◆ WORK REQUEST ◆
Only the text belongs in the copy. Transcribe the data exactly and drop any pictures.

◆ STORED DATA ◆
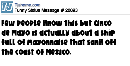 X Few people know this but Cinco de Mayo is actually about a ship full of mayonnaise that sank off the coast of Mexico.
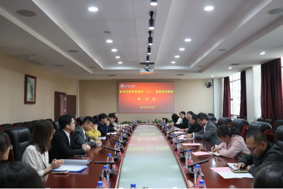 11月12日下午,我校在至善楼第一会议室召开学习习近平总书记“七一”重要讲话精神研讨会。校党委副书记邱晓辉出席会议。宣传部、科研处、马克思主义学院相关负责人以及各论文作者、思政课教师代表参加会议。会议由科研处处长吴春晓主持。
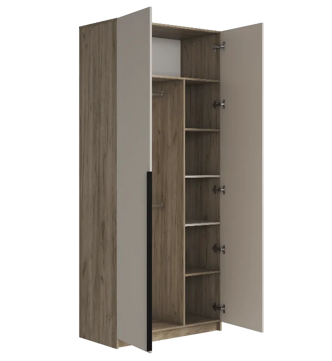 Расстояние: от верхней штанги до пола – 1895 мм, от нижней штанги до пола – 995 мм, между штангами – 915 мм. В секции с полками – четыре полки, которые делят секцию на пять частей.

◆ COMPLETED EXERCISE ◆
 X Few people know this but Cinco de Mayo is actually about a ship full of mayonnaise that sank off the coast of Mexico.
 11月12日下午,我校在至善楼第一会议室召开学习习近平总书记“七一”重要讲话精神研讨会。校党委副书记邱晓辉出席会议。宣传部、科研处、马克思主义学院相关负责人以及各论文作者、思政课教师代表参加会议。会议由科研处处长吴春晓主持。
 Расстояние: от верхней штанги до пола – 1895 мм, от нижней штанги до пола – 995 мм, между штангами – 915 мм. В секции с полками – четыре полки, которые делят секцию на пять частей.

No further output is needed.